It is said often that we as humans use only about 10 % of our brain power. The truth is probably in the reverse that the majority of the processes in brain, about 90 %, are unconscious, while we are conscious of approximately 10%. The brain can be compared to today’s computers, which now used parallel computing cores that can process data at the same time to increase computational performance. Similarly handles brain stimuli from our minds in different parallel neuron network which gives a tremendous increased data processing and simultaneous capacity.

The book’s title “The Unconscious Zone” would try to give an understanding of all the unconscious processes that are going on in our brain. In the following Chapters describes many of the things that are going on in our brains there we typically are unaware of its impact on our emotions, behaviors and decisions. In this first chapter gives more general properties of the human brain to be described in order to provide background information regarding basic anatomy, physiology and cognitive properties. If the reader wants to immerse themselves in some of these special topics there are given suggestions to literature in the book’s reference list. The heading of this chapter “the universe of neurons” would point to the importance of the neurons various network whose complexity is comparable with our current knowledge of the universe’s unimaginable size.

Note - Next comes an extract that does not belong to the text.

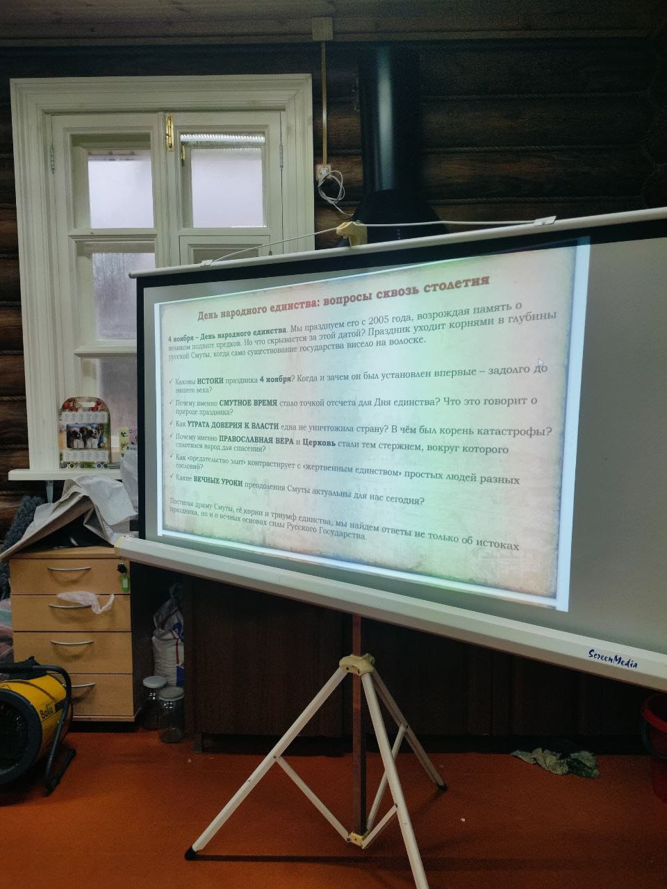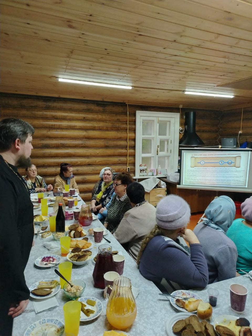После окончания богослужения по благословению епископа Макария Козельского и Людиновского была организована праздничная трапеза, на которой батюшка представил интереснейшую презентацию, посвященную Дню народного единства. Отец Иоанн поделился историей возникновения праздника, осветил ключевые моменты русской истории, упомянул имена героев, объединивших Русь, и поведал о современных традициях празднования Дня народного единства.

Despite that we in our conscious mind as a human experiencing the world as a tridimensional continuous experience (analog), there are many limitations in our senses and in the brain’s processing of the incoming stimuli from our surroundings. Our sense of time can for example be affected partly by the emotional content where a certain dull activity can give a perpetual long boring feeling. While the experience of time in childhood, when the most experience is new, due to a summer holiday can be experienced as an eon of time. But in adult age you think that the vacation in the summer just goes too fast. Purely philosophical one can consider what is meant by time and how the causal event processes together in terms of present, future and past (history).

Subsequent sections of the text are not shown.